Information supplied
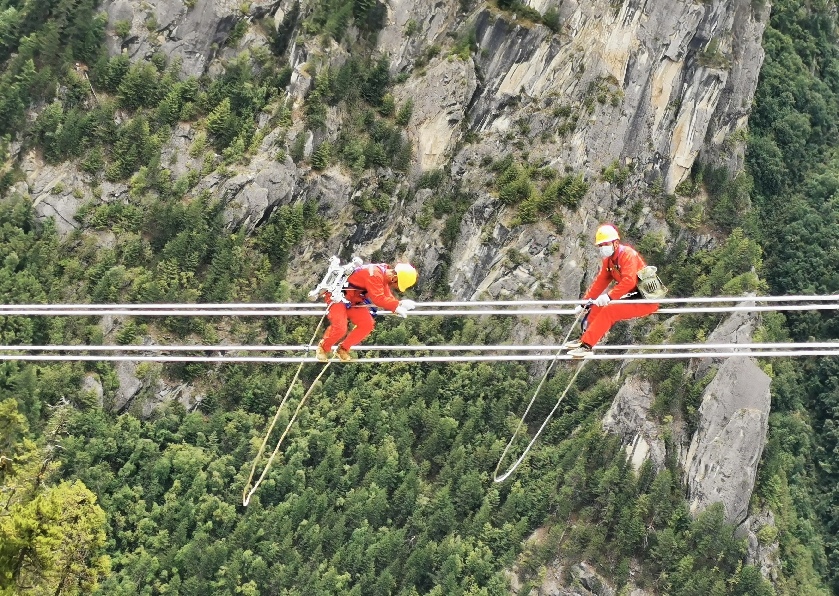 9月15日,電力檢修人員開展左波線米堆冰川段導線扭絞處理走線作業(ye) 。旦尼攝
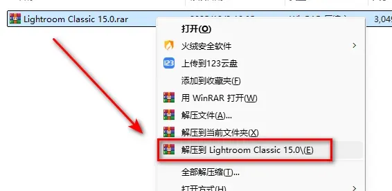 1.鼠标右键解压到“Lightroom Classic 15.0”
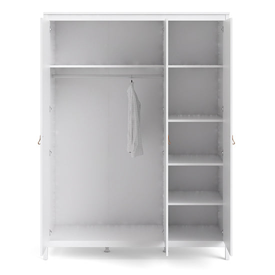 CHOICEWARDROBE Barcila 3 Door Wooden Wardrobe – White Finish | Modern Minimalist Design with Leather Handles & Ample Storage

Exercise aim
Give back the data exactly, with no images.

Solution
 9月15日,電力檢修人員開展左波線米堆冰川段導線扭絞處理走線作業(ye) 。旦尼攝
 1.鼠标右键解压到“Lightroom Classic 15.0”
 CHOICEWARDROBE Barcila 3 Door Wooden Wardrobe – White Finish | Modern Minimalist Design with Leather Handles & Ample Storage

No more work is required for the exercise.